The sheer audacity it takes to convince one of the world’s most famous actors to play a farting corpse is only part of why Dan Kwan and Daniel Scheinert’s enchantingly odd survival dramedy works. Driven by two committed performances and plenty of unexpected riffs on the human condition, Swiss Army Man is far more than just a flatulence-riddled attempt by Daniel Radcliffe to further push away from the baggage of Harry Potter.
Hank (Paul Dano) is stranded on a beach and, having lost all hope of rescue, prepares to hang himself, but before he can, a corpse washes up on the island (Radcliffe), who Hank takes a peculiar interest in. Soon enough, Hank discovers the body has a number of unexpected uses, and even quickly develops the ability of basic speech. Together, Hank and the corpse, now named Manny, will attempt to figure out the craziness of life and return to civilisation.
Props to Daniel Radcliffe. As brilliant as Dano is in this movie, Radcliffe completely gives himself over to Kwan and Scheinert, playing a speechless, dead husk for large chunks of the movie, and further mussing up the charming image he fashioned, intentionally or not, off the back of the mammoth J.K. Rowling enterprise.
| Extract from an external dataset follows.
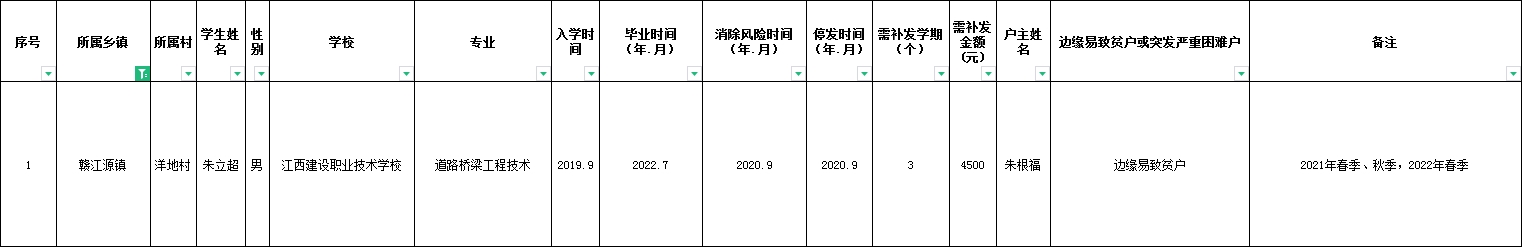 贛江源鎮(zhèn)防止返貧監(jiān)測(cè)對(duì)象消除風(fēng)險(xiǎn)后雨露計(jì)劃補(bǔ)助補(bǔ)發(fā)對(duì)象花名冊(cè)發(fā)放明細(xì)表

To Radcliffe’s credit, though, he has been chipping away with ambitious, left-field projects for years, and this is just another that proves his versatility and desire to try new things (no doubt a freedom allowed by all that Potter fortune). It may meander at times and feel a little too long at even just 97 minutes, but it’s difficult to look away from Radcliffe’s hilariously unflattering performance, nor Dano’s strong lead work.
While this could easily have coasted on the barmy nuttiness of its concept, the script cleverly holds up a mirror to the strangeness of the human experience; Manny resembles a baby in many ways, soaking up life lessons from Hank that underscore life’s peculiarity, all while recognising the beauty that makes it so worth living.
The home stretch may not appeal to all tastes with its intentional desire to obfuscate logic and skirt around a more generic, predictable resolution, but it remains firmly in tune with the preceding 90 minutes; absurd, hilarious and full of feeling.
Dano and Radcliffe continue to demonstrate their insatiable hunger for startlingly singular filmmaking projects, and what a team they are.